Monday, December 1, 2014

Love doesn't exist to meet your expectations.



I write a lot of poems in my head while I'm walking in the woods and too often, lately, I neglect to ever write them down. At the same time I am growing more comfortable with allowing things--moments, experiences, feelings, ideas, (poems)--to be fleeting. To be there and then to be gone. I may never again think about the sunset over the river today, how the sky flashed gold behind me, startling my eye such that I thought, for a moment, I was being followed.


On change and the status quo



Of course, I make the choice every day by living it.




Saturday, November 29, 2014

"Work Shy" by Alex Phillips




To be poor and raise skinny children.
To own nothing but skinny clothing.
Skinny food falls in between cracks.
Friends cannot visit your skinny home.
They cannot fit through the door.
Your skinny thoughts evaporate into
the day or the night that you cannot
see with your tiny eyes.

God sticks you with the smallest pins
and your blood, the red is diluted.
Imagine a tiny hole, the other side
of which is a fat world and how
lost you would feel. Of course,
I'm speaking to myself.
How lost I would feel, and how dangerous.
 
 
 
 
 

hunting vest



Nearly every day I wonder if I am ready to say goodbye to you, or to him, and I don't know about you (or him either) but I remain hopelessly unsure. the comfort and the agony of intellectualized paralysis. all these false equivalencies, the consummate absurdity of this choice I've created for myself, which I am not making.   

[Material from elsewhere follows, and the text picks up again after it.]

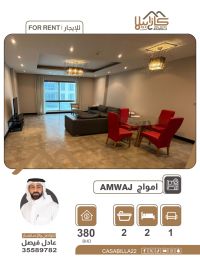 For rent: An apartment in Amwaj. A distinctive apartment for rent in Amwaj Islands. Enjoy living in one of the finest coastal destinations in Bahrain. This apartment features a quiet location and a design that provides comfort and privacy, making it an ideal choice for those seeking quality of life at a competitive price. A distinctive apartment with a beautiful and upscale location, consisting of two bedrooms, a spacious living room, two bathrooms, and a kitchen. Electricity is included up to 40 dinars. Monthly rent is 380 dinars. For contact and inquiries.

I returned to the valley floor today, determined, this time, to be less afraid. When I first wrote that line in my head it went like this: I return to the valley, this time unafraid.

But that would be a lie. As I descend the tension in my chest constricts, constricts, constricts as I work to remind myself, over and over again, to be brave. It's something about being that close to the water, I think, two miles spent criss-crossing the creek via slippery stones, all those dark crevices behind and underneath boulders into which a woman hiking alone could so easily go missing, all those deep pools in which she could so easily drown.